Last week, at a pretrial hearing at Guantanamo Bay Naval Base in Cuba for Abd al-Rahim al-Nashiri, a Saudi who is charged with being the mastermind of an attack on the USS Cole in 2000 at which 17 American sailors were killed, the psychologist in charge of interrogating Nashiri described in vivid detail both the modern and the medieval techniques of torture used upon him.
The psychologist was called as a defense witness in order to demonstrate to the court that a good deal of the evidence that prosecutors plan to introduce against Nashiri was obtained directly or indirectly through, or was tainted by, his torture and thus cannot lawfully be used at his trial.
Torture committed by government officials and their collaborators upon a person restrained by the government is a felony punishable by up to 20 years in a federal prison, and its fruits are inadmissible in all courts. For many years, the CIA documented torture through video tapes of its disguised agents and contractors torturing its captives so it would have a record of the events without the need for revealing a participant’s identity.
But the tapes of Nashiri’s torture were destroyed by either the chief CIA official in the United States in charge of all torture or his then-chief of staff. Hence the live testimony last week.

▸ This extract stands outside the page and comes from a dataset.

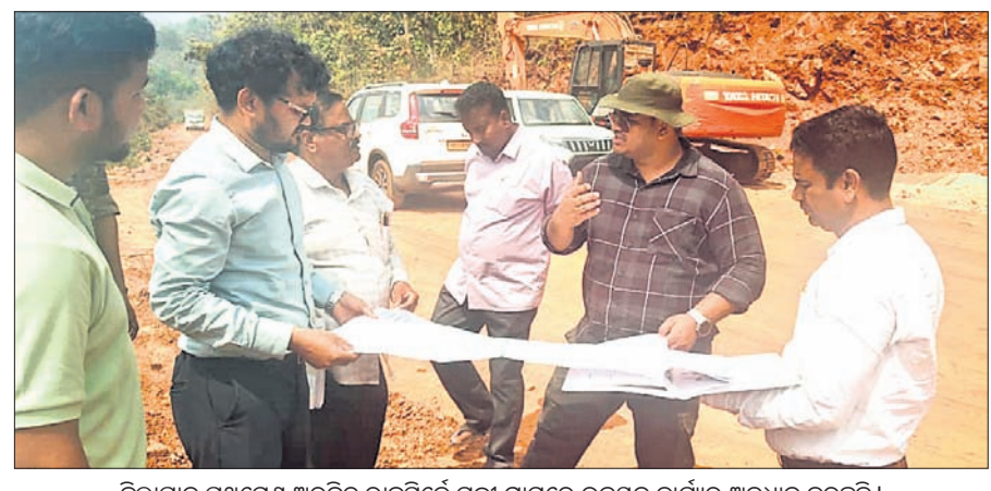
ଜିଲ୍ଲାପାଳ ପ୍ରଥମେ ଅବିଭକ୍ତ ରାଜସ୍ୱର ଯତ୍ନ ଗ୍ରାମରେ ଉନ୍ନତ କାର୍ଯ୍ୟର ଅନୁଧ୍ୟାନ କରୁଛନ୍ତି।

ମାଲକାନଗିରି ଜିଲ୍ଲା ପ୍ରଶାସନ ପକ୍ଷରୁ ଭୂମି ସାଜିବା ଅଞ୍ଚଳର ବିକାଶ ପାଇଁ ପ୍ରକ୍ରିୟା କୋରସର କରାଯାଇଛି। ଅପହସ୍ତ ଅଞ୍ଚଳର କୋଶ ଅନୁକୋଶରେ ସରକାରୀ ସେବା ପହଞ୍ଚାଇବା ଲକ୍ଷ୍ୟରେ ଜିଲ୍ଲାପାଳ ପ୍ରଥମେ ଅବିଭକ୍ତ ରାଜସ୍ୱର ଚିତ୍ରକୋଣ୍ଡା ବ୍ଲକ୍ ସ୍ତରର ଯତ୍ନ ପ୍ରୟାସରେ ଶୁକ୍ରବାର ଗସ୍ତ କରିଛନ୍ତି। ବିଭିନ୍ନ ବିକାଶମୂଳକ କାର୍ଯ୍ୟର କ୍ଷେତ୍ର ପରିବର୍ତ୍ତନକରି ସମାଧାନ କରିଛନ୍ତି। ଭୌଗୋଳିକ ପ୍ରତିବନ୍ଧକ ସତ୍ତ୍ୱେ ଜିଲ୍ଲାପାଳ ଓ ରାଜ୍ ଚିମ୍ପା ଚିତ୍ରକୋଣ୍ଡା ଶିଳ୍ପକ୍ଷେତ୍ର ଲକ୍ଷ୍ୟ ଯାତ୍ରା ମୋଟର ବୋର୍ଡ ଯୋଗେ ଜଳପଥ ଦେଇ ଯତ୍ନ ଗ୍ରାମରେ ପହଞ୍ଚିଥିଲେ। ଅଜନଶ୍ରୀ ପିଲାମାନଙ୍କ ଦ୍ୱାରା ପ୍ରଦର୍ଶିତ

That chief of staff would go on to become the director of the CIA, Gina Haspel, nicknamed by her colleagues “Bloody Gina.”
This column will spare the reader the gruesome and stomach-churning details of Nashiri’s torture, but for the one medieval procedure. What caught the eyes of those of us who monitor these events was the mention of the name of the CIA official under whose watch the torture occurred and who wrote detailed, graphic descriptions of it to her bosses in Langley, Virginia. That official is the same Gina Haspel. She was the head of the CIA station at Thailand in 2002, at which Nashiri was tortured, and she was the senior member of the torture team.
Nashiri’s torture went on for four months, at the end of which the interrogation team concluded that Nashiri was being truthful and essentially said the same things under torture as he told interrogators prior to torture. But Bloody Gina does not trust testimony unless it comes with great fear and pain.
In 2006, Nashiri was shipped from Thailand to Gitmo, where he was charged with capital murder. His trial has not yet commenced. The testimony last week was one of many pretrial hearings ordered by military trial judges.
Nashiri, who has the same speedy trial rights as anyone being prosecuted by the U.S. government, has been waiting for his trial for 14 years. He is on his second team of military and civilian defense lawyers. His first team quit when they discovered that their communications with their client had been secretly listened to and recorded by federal agents.
Most judges would have dismissed the charges against the defendant for such criminal behavior by the government. But at Gitmo, where the judge and the prosecutors have the same boss — the Secretary of Defense — the niceties of due process are sometimes watered down.
The significance of Bloody Gina’s personal supervision of this torture cannot be gainsaid. It is the first time we have learned from a witness under oath that CIA torture was approved and supervised at the highest CIA levels. It is also the first time we have learned that a CIA director, earlier in her career, committed federal crimes, as each torture session is a separate felony.
We also learned that Bloody Gina may be an amateur historian. In the late 1400s, when the Medici in Florence had been deposed by a mad monk named Girolamo Savonarola, he instituted aggressive torture for those accused secretly of sins of the flesh, looking for their public confessions and the identities of their sexual partners.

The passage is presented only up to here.